There are various minor reasons which would take a
convoluted explanation to describe. But one reason is an
unpredicted failure of my code would leave the user's
calculation mode changed.


I would:
- save the current calculation mode
- trap errors with an on error handler
- restore calculation mode if neccessary in the error handler

However for XL97 I will follow your advice and set
calculation to manual.
Could I also ask you to confirm either way if same is
necessary or recommended for later versions.


Excel 97 has a particular problem with UDFs with errors so it is worse than
other versions.
In general I would recommend going to manual for other versions as well, but
it depends on the circumstances.


regds
Charles
______________________
Decision Models
The Excel Calculation Site
www.DecisionModels.com

Many thanks,
Sandy
savituk yahoo co uk

-----Original Message-----
Hi Sandy,

I do not know of a way of detecting volatile UDFs.

Since you are using XL97 you will solve a number of your

problems if you add
both an error handler and an ISEMPTY handler to your

UDFs: for details and
examples see
http://www.DecisionModels.com/calcsecretsj.htm

Another approach you might consider is to set a global

flag in your code,
and then check the flag in each UDF.

But IMHO the best and simplest approach is to control
application.calculation in your code: not sure why you do

not want to do
this.


regards
Charles
______________________
Decision Models
The Excel Calculation Site
www.DecisionModels.com

"Sandy V" wrote in

message
...

If a UDF in any open workbook contains
Application.Volatile, my code breaks off to complete the
UDF when my code does anything that causes a recalc, eg
putting a value in a cell (even into ThisWorkbook which
does not contain any UDF).

This causes problems:
- Sometimes when doing the UDF my code terminates. This

is
more serious than a normal failure - code does not get
reset leaving unwanted global variables.
(Comments in this NG suggest this occurs when there is

an
error in the UDF. That's certainly true, but sometimes

and
inconsistently occurs even without any apparent error.)
- A lot of UDF's could slow my code, not so serious but
inconvenient.

Temporarily setting calculation to manual prevents
problems. However I neither need nor want to do this
except when absolutely necessary.
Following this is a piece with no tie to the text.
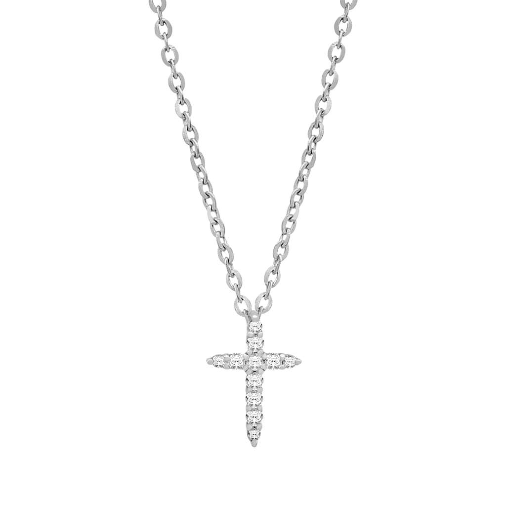 Balto aukso Grandinėlė Su Deimantiniu Pakabuku "Kryželis" - Auksinės grandinėlės su pakabukais - Goldinga

But I do need to cater
for the unknown possibility of volatile UDF's lurking.

These problems occur in XL97, I gather (this NG) later
versions are less susceptible, if I could be confident

(?)
these do not present an issue I would code for different
versions.

So what I would like to do is test for the existence of
anything volatile before setting calculation to manual.
But how?

I've thought of early in my code to put a dummy cell

value
into ThisWorkbook, and try to:
- Detect if my code has broken off to do any UDF, or
- Detect if Excel is doing a recalc (apart from the

dummy
cell input).
However I don't think it's possible to detect either.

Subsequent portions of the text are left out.